Un physicien a regardé comment l’effet de « soustraction du CO2 » et celui de « diminution de la réflexion » se comparaient en cas de boisement de terres agricoles. Le résultat est instructif : dans certaines régions du monde, la diminution de l’effet de serre (parce qu’il y a moins de CO2 dans l’air) l’emporte sur l’augmentation de la température due à la part plus grande du rayonnement solaire absorbée par le sol, mais l’inverse peut aussi se produire ! Planter des forêts à la place de terres agricoles conduit alors à un réchauffement net de la surface… (graphique ci-dessous).

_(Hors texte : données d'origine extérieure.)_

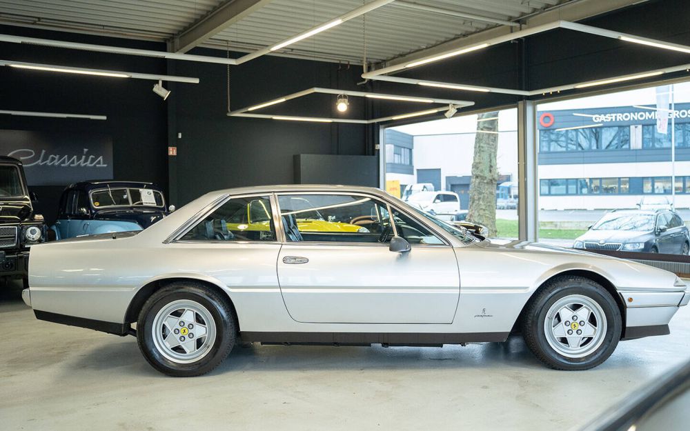 Dieser in „argento silber“ lackierte Ferrari 412 wurde am 14.01.1988 das erste Mal zugelassen. Seit dem 04.04.2012 ist der aktuelle Besitzer im Fahrzeugschein vermerkt. Dieser ist gleichzeitig einer unserer Stammkunden aus Luxemburg und bietet das Fahrzeug nun zum Kauf an. An dem Fahrzeug wurden im Jahre 2022 und 2023 einige technische Reparaturen und Erneuerungen vorgenommen. Die Kosten dieser technischen Teilrestaurierung belaufen sich auf über 50.000 €. Die 13 Seiten lange Rechnung dazu liegt uns selbstverständlich vor.

Effet net du remplacement de cultures par des forêts de conifères, selon la région du monde concernée, en « équivalent émissions de carbone à l’hectare ».
Là ou il n’y a que du blanc, on suppose que l’on n’a touché à rien. Là où il y a des couleurs, on a comparé l’effet de stockage (positif) des forêts remplaçant les cultures, avec l’effet supplémentaire de « capture » de chaleur lié à la diminution de l’albédo.
Si le résultat est positif, cela signifie que le stockage de carbone l’emporte sur la diminution de la réflexion, et donc que l’effet du reboisement est globalement « refroidisseur » du climat. Il est facile de constater que cela n’est pas vrai de manière systématique : pour certaines régions du monde, reboiser conduit à un réchauffement net du climat (rouge, orange, jaune), ou à un effet proche de zéro (jaune, vert clair).